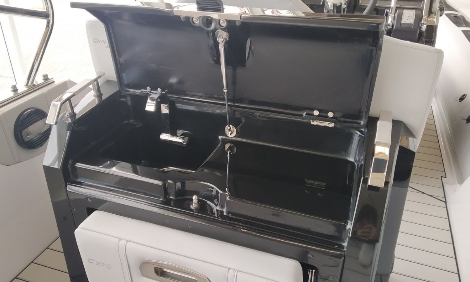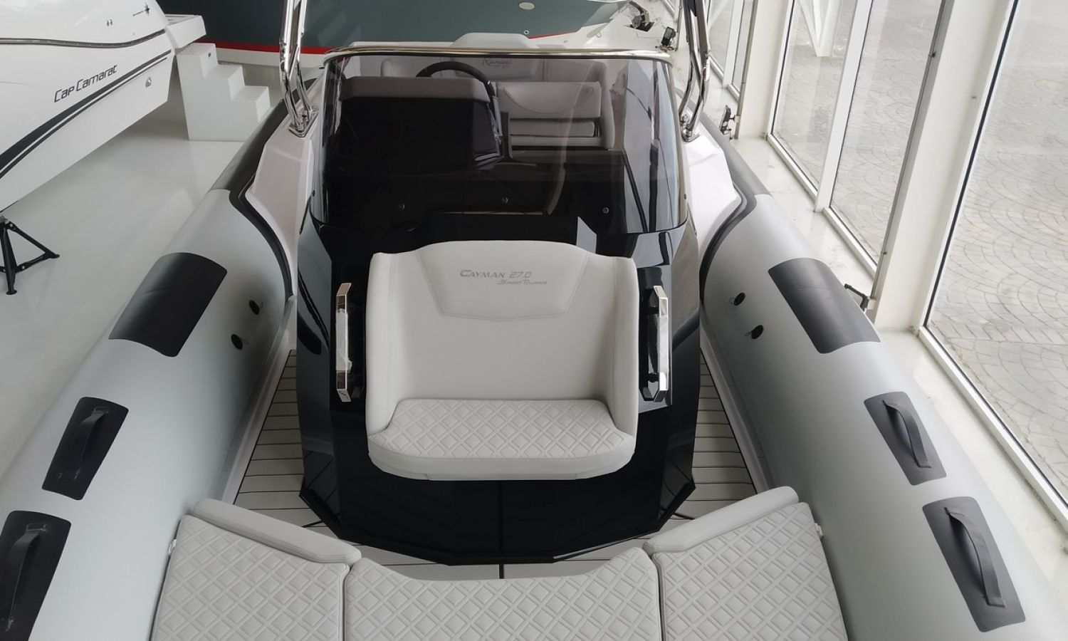 Bateau en stock. Livraison immédiate. Modèle Cayman 27.0 Sport Touring du chantier naval italien Ranieri International, 8,60 m de longueur.ESC-Nº D7083
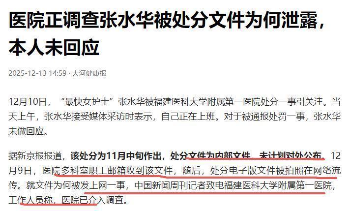 一周前,建医科大学附属第一医院的内部处分通告,直接让“最快女护士”张水华,陷入了舆论纷争。
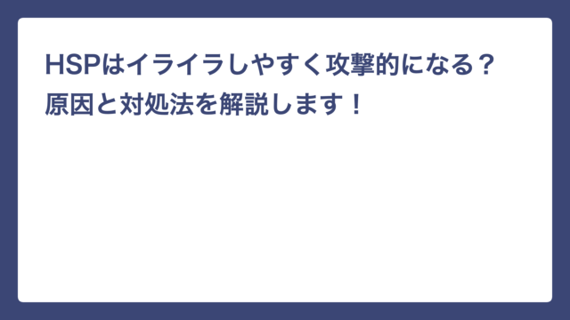 HSPはイライラしやすく攻撃的になる?原因と対処法を解説します!
+++
Give an exact copy of the listing, without its pictures.

**RESPONSE TO THIS TASK:**
 Bateau en stock. Livraison immédiate. Modèle Cayman 27.0 Sport Touring du chantier naval italien Ranieri International, 8,60 m de longueur.ESC-Nº D7083
 一周前,建医科大学附属第一医院的内部处分通告,直接让“最快女护士”张水华,陷入了舆论纷争。
 HSPはイライラしやすく攻撃的になる?原因と対処法を解説します!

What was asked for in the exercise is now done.